Anthropometric indices commonly used for the assessment of newborn infants include birth weight, length, or occipitofrontal circumference (OFC) in relation to gestational age (GA) at birth. Body proportionality indices such as Rohrer's ponderal index and mid-arm/head circumference (MAC/OFC) ratio have been used to describe the timing of growth restriction in utero and predict the outcome of intrauterine growth restricted neonates.,
Both subnormal and excessive intrauterine growth have been associated with high risk of neonatal morbidity and mortality as well as chronic diseases later in life. Low birth weight underlies approximately 80% of all neonatal deaths and is associated with 37 times higher risk of death during infancy in Nigeria., Large-for-gestational age (LGA) babies are also at increased risk of neonatal morbidity and mortality due to the high risk of birth trauma, birth asphyxia, and hypoglycemia, especially in infants of diabetic mothers. The above facts imply that efforts at ensuring optimal intrauterine growth is vital to reducing the unacceptably high burden of neonatal deaths in Nigeria.
Factors that influence intrauterine growth may be fetal, maternal, or environmental. Maternal nutritional status is the most commonly implicated risk factor for poor fetal growth in developing countries., Useful maternal anthropometric indicators for assessing pregnancy outcomes include pre-pregnancy weight, body mass index (BMI), pregnancy weight gain, MAC, and height., Although maternal anthropometry is routinely conducted during antenatal clinic visits, this important public health tool is often underutilized in ensuring optimal pregnancy outcomes. Early identification of mothers at risk of having babies with abnormal intrauterine growth is necessary as some interventions have been documented to improve pregnancy outcomes among them., On the other hand, identification of such women in late pregnancy, after most of the fetal growth has occurred, can help in making decisions such as prepartum referral to an appropriate facility for labor, delivery, and neonatal care.

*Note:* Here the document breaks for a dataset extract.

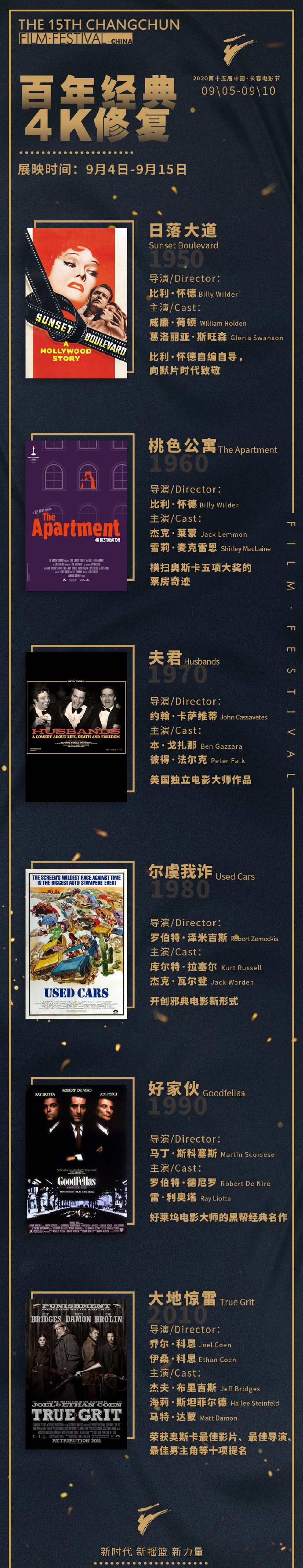 每年全世界各大電影節(jié)的經(jīng)典電影修復(fù)單元都會(huì)成為“重頭戲”,今年長(zhǎng)春電影節(jié)也將推出萬(wàn)眾期待的“百年經(jīng)典 4K修復(fù)”單元。本次4K修復(fù)展映單元將回顧歷史,不忘初心,以電影的名義,以最新的修復(fù)技術(shù),向經(jīng)典老片和杰出影人致敬。其中,既包括比利·懷德的《桃色公寓》,也有馬丁·斯科塞斯的《好家伙》等在內(nèi)的眾多經(jīng)典作品。

This study was aimed at examining the relationship between maternal anthropometric characteristics and size at birth among term singleton newborn infants at Nnamdi Azikiwe University Teaching Hospital (NAUTH), Nnewi, Nigeria. Results obtained will help in early identification of pregnant women at risk of having newborn infants with abnormal intrauterine growth pattern for possible prenatal or perinatal interventions. This will help in improving the quality of antenatal care and neonatal outcomes in Nigeria.

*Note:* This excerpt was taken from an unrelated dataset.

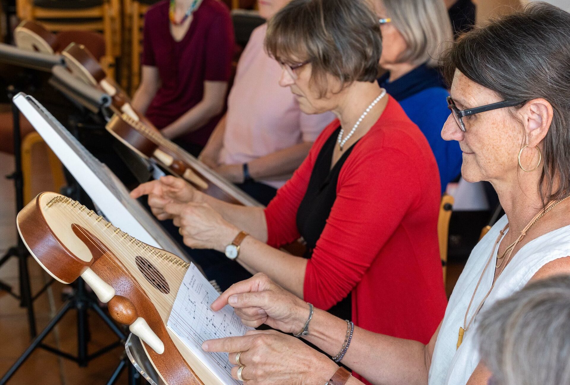 Zum gemeinsamen Musizieren trifft sich regelmäßig donnerstags vormittags das Tischharfenensemble.

| Materials and Methods|| |
This descriptive cross-sectional study was conducted at NAUTH, a public tertiary hospital in Nnewi, South-East, Nigeria. The study was conducted between February and April 2012 among 301 mother/singleton term newborn infant pairs. Neonates whose mothers did not receive antenatal care at NAUTH as well as those with gross congenital malformation or stigmata of chromosomal abnormalities at birth were excluded from the study. Approval was obtained from the Research Ethics Committee of NAUTH prior to the commencement of the study. Participation was entirely voluntary and no financial inducement was involved. Mothers who participated in the the study gave a written informed consent. All consecutive eligible mother/newborn pairs were selected till sample size was attained. The anthropometric assessment of the neonates and mothers was performed employing standard methods.,
The rate of weight gain in the third trimester was calculated by dividing the difference (in grammes) between the first recorded third trimester weight and intrapartum weight by the duration of weight gain (in weeks). In this study, a third trimester weight gain rate of 250–499 g per week was considered to be normal. This was based on Institute of Medicine's recommended third trimester weekly weight gain rate, which ranges from 220 g among women who had obese pre-pregnancy BMI to 510 g among those that had underweight pre-pregnancy BMI. Data was not available for calculation of pre-pregnancy BMI to enable categorization of weight gain rate according to pre-pregnancy BMI in this study. A previous report showed that pregnant women gain an average of 250 g per week throughout the period of pregnancy in Nigeria.
Before commencing weighing on each day, the accuracy and reliability of the weighing scale was assessed with a known standard weight of 5 kg. The weighing scale was also cross-checked for zero adjustment before each use. Maternal weight was measured during labor with a weighing scale (SMIC Health Scale, Model ZT-120), which was placed on a flat and hard surface. The mothers were weighed in a light cotton gown, and their weight was recorded to the nearest 0.1 kg. Height was measured after delivery with a stadiometer which had a movable head-piece perpendicular to a well-calibrated meter scale and recorded to the nearest 0.1 cm. Based on previous reports, the cut-off values adopted for maternal weight and height in this study were 65 kg and 157 cm, respectively.,, Similarly, maternal MAC range of 25–30 cm was considered to be normal in this study.,,
Maternal BMI (in kg/m2) was calculated using the formula: weight/height2. In this study, maternal intrapartum BMI of 25–29.9 kg/m2 was considered to be normal. The traditional definition of normal BMI as 18.5–24.9 kg/m2 was not adopted in this study because it is based on pre-pregnancy values, and therefore, unlikely to remain sensitive in predicting good pregnancy outcomes if BMI is calculated using values obtained during the third trimester. This was demonstrated by a previous South-East Nigerian study which showed an increase in the 25th BMI percentile of the study population from 23.3 kg/m2 during first trimester to 25.4 kg/m2 and 27.0 kg/m2 during the second and third trimesters, respectively. This could be attributed to maternal weight gain resulting from the fetus, enlarging organs, and fluid accumulation.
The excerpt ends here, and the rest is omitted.